To complete this task, print all the data below exactly but leave out the images.

#### Data segment:
···
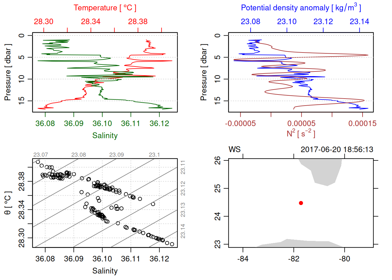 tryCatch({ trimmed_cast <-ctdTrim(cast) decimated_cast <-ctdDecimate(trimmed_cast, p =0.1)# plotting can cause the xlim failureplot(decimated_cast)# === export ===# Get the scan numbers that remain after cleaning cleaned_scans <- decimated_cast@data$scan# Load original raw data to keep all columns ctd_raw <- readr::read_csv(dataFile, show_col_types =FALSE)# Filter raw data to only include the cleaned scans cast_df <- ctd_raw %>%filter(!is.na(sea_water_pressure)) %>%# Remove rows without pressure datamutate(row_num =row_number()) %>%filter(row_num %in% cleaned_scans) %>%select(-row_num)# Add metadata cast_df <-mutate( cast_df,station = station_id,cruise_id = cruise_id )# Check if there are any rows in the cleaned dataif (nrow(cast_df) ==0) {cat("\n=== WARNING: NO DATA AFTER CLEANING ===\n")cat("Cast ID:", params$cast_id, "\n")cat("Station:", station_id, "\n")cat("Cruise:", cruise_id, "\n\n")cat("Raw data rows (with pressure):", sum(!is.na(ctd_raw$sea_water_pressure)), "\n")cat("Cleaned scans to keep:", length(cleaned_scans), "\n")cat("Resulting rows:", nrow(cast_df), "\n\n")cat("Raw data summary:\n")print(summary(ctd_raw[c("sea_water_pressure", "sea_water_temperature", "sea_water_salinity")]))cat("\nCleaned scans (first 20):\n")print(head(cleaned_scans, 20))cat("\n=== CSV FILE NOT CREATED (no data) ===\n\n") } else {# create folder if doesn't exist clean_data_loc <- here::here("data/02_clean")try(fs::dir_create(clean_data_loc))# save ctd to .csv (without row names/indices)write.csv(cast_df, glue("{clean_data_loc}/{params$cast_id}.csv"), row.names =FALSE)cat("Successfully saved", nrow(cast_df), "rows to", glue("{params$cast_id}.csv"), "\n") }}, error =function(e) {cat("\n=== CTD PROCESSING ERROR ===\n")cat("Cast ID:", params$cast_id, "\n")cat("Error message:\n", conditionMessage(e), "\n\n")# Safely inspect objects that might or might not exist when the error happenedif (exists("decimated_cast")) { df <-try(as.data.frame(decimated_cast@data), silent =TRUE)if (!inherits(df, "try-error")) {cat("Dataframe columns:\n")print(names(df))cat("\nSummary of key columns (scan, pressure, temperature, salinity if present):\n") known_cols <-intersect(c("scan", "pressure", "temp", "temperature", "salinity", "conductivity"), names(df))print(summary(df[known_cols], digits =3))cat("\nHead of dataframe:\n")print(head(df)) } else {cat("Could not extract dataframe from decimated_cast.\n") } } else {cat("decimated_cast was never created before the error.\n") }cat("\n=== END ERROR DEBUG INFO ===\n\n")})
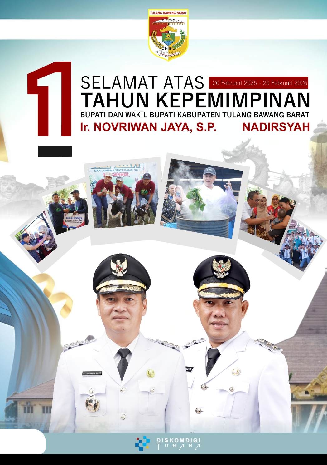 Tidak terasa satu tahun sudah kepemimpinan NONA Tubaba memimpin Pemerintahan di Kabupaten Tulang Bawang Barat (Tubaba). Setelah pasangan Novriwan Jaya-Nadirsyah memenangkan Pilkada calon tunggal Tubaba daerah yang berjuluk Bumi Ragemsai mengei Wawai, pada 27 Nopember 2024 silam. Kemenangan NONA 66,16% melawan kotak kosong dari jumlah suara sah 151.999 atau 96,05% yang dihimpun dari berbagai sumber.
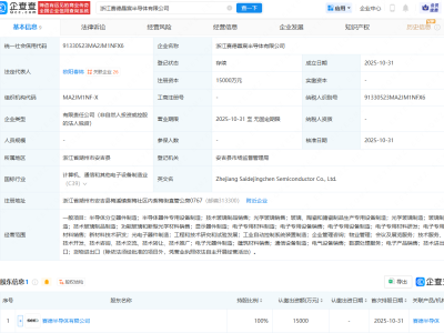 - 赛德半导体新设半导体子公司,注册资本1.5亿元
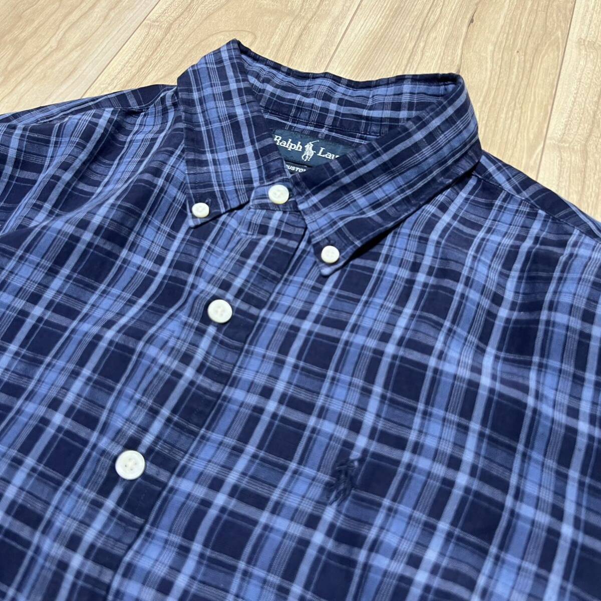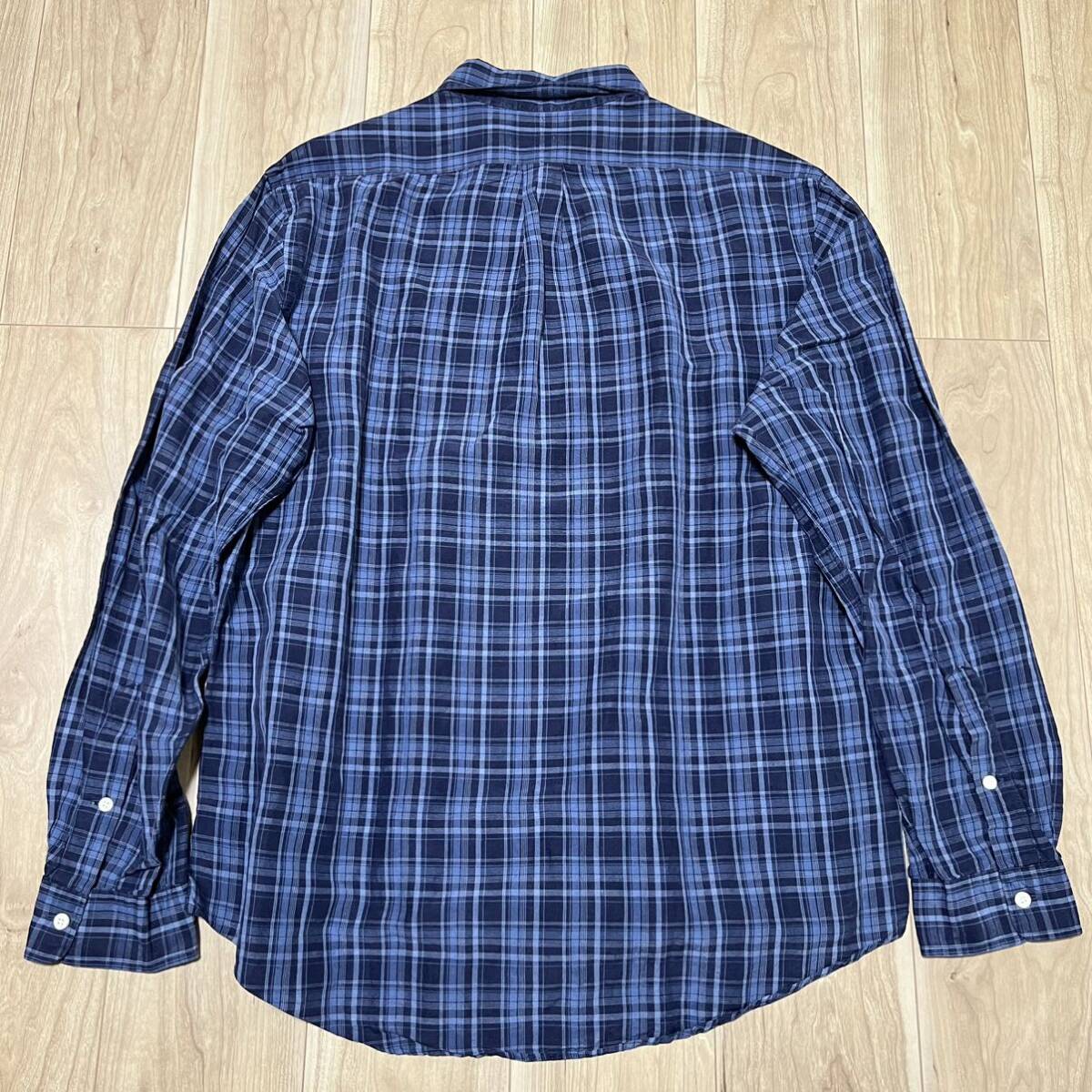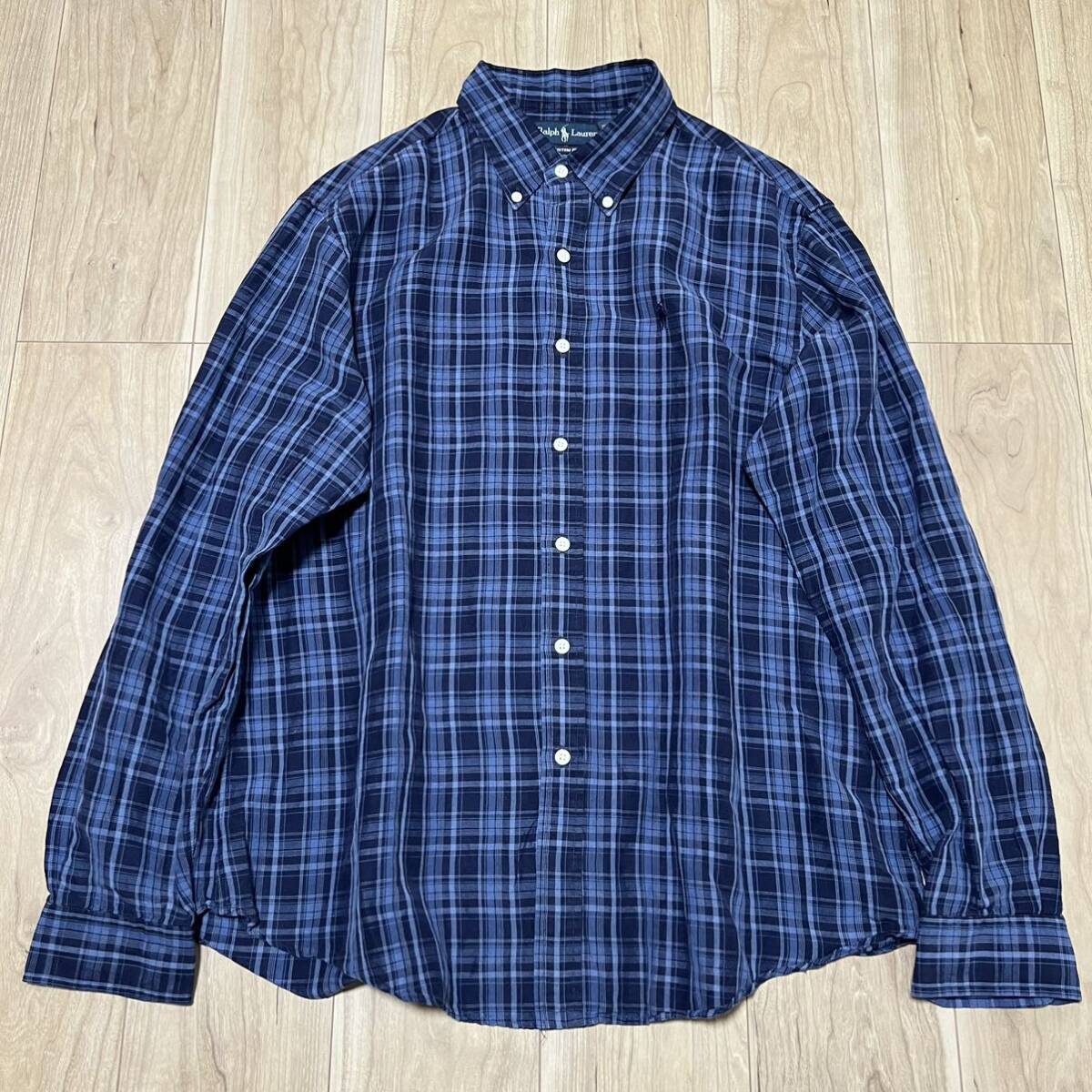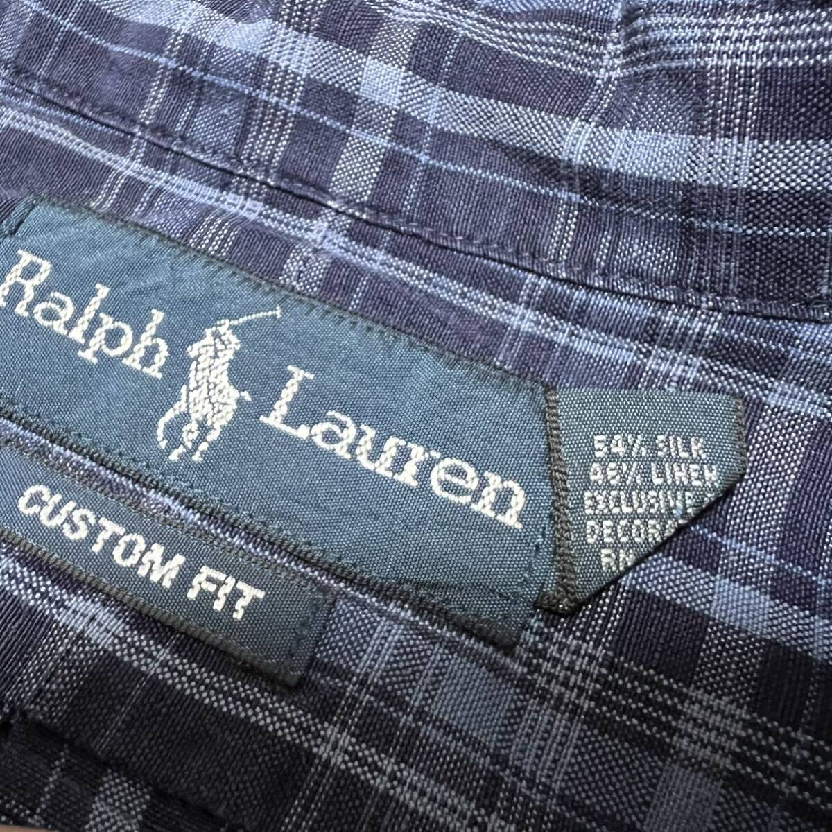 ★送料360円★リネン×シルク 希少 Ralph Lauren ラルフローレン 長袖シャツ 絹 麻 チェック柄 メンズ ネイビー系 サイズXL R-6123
···
#### Answer to the exercise:
 tryCatch({ trimmed_cast <-ctdTrim(cast) decimated_cast <-ctdDecimate(trimmed_cast, p =0.1)# plotting can cause the xlim failureplot(decimated_cast)# === export ===# Get the scan numbers that remain after cleaning cleaned_scans <- decimated_cast@data$scan# Load original raw data to keep all columns ctd_raw <- readr::read_csv(dataFile, show_col_types =FALSE)# Filter raw data to only include the cleaned scans cast_df <- ctd_raw %>%filter(!is.na(sea_water_pressure)) %>%# Remove rows without pressure datamutate(row_num =row_number()) %>%filter(row_num %in% cleaned_scans) %>%select(-row_num)# Add metadata cast_df <-mutate( cast_df,station = station_id,cruise_id = cruise_id )# Check if there are any rows in the cleaned dataif (nrow(cast_df) ==0) {cat("\n=== WARNING: NO DATA AFTER CLEANING ===\n")cat("Cast ID:", params$cast_id, "\n")cat("Station:", station_id, "\n")cat("Cruise:", cruise_id, "\n\n")cat("Raw data rows (with pressure):", sum(!is.na(ctd_raw$sea_water_pressure)), "\n")cat("Cleaned scans to keep:", length(cleaned_scans), "\n")cat("Resulting rows:", nrow(cast_df), "\n\n")cat("Raw data summary:\n")print(summary(ctd_raw[c("sea_water_pressure", "sea_water_temperature", "sea_water_salinity")]))cat("\nCleaned scans (first 20):\n")print(head(cleaned_scans, 20))cat("\n=== CSV FILE NOT CREATED (no data) ===\n\n") } else {# create folder if doesn't exist clean_data_loc <- here::here("data/02_clean")try(fs::dir_create(clean_data_loc))# save ctd to .csv (without row names/indices)write.csv(cast_df, glue("{clean_data_loc}/{params$cast_id}.csv"), row.names =FALSE)cat("Successfully saved", nrow(cast_df), "rows to", glue("{params$cast_id}.csv"), "\n") }}, error =function(e) {cat("\n=== CTD PROCESSING ERROR ===\n")cat("Cast ID:", params$cast_id, "\n")cat("Error message:\n", conditionMessage(e), "\n\n")# Safely inspect objects that might or might not exist when the error happenedif (exists("decimated_cast")) { df <-try(as.data.frame(decimated_cast@data), silent =TRUE)if (!inherits(df, "try-error")) {cat("Dataframe columns:\n")print(names(df))cat("\nSummary of key columns (scan, pressure, temperature, salinity if present):\n") known_cols <-intersect(c("scan", "pressure", "temp", "temperature", "salinity", "conductivity"), names(df))print(summary(df[known_cols], digits =3))cat("\nHead of dataframe:\n")print(head(df)) } else {cat("Could not extract dataframe from decimated_cast.\n") } } else {cat("decimated_cast was never created before the error.\n") }cat("\n=== END ERROR DEBUG INFO ===\n\n")})
 Tidak terasa satu tahun sudah kepemimpinan NONA Tubaba memimpin Pemerintahan di Kabupaten Tulang Bawang Barat (Tubaba). Setelah pasangan Novriwan Jaya-Nadirsyah memenangkan Pilkada calon tunggal Tubaba daerah yang berjuluk Bumi Ragemsai mengei Wawai, pada 27 Nopember 2024 silam. Kemenangan NONA 66,16% melawan kotak kosong dari jumlah suara sah 151.999 atau 96,05% yang dihimpun dari berbagai sumber.
 - 赛德半导体新设半导体子公司,注册资本1.5亿元
 ★送料360円★リネン×シルク 希少 Ralph Lauren ラルフローレン 長袖シャツ 絹 麻 チェック柄 メンズ ネイビー系 サイズXL R-6123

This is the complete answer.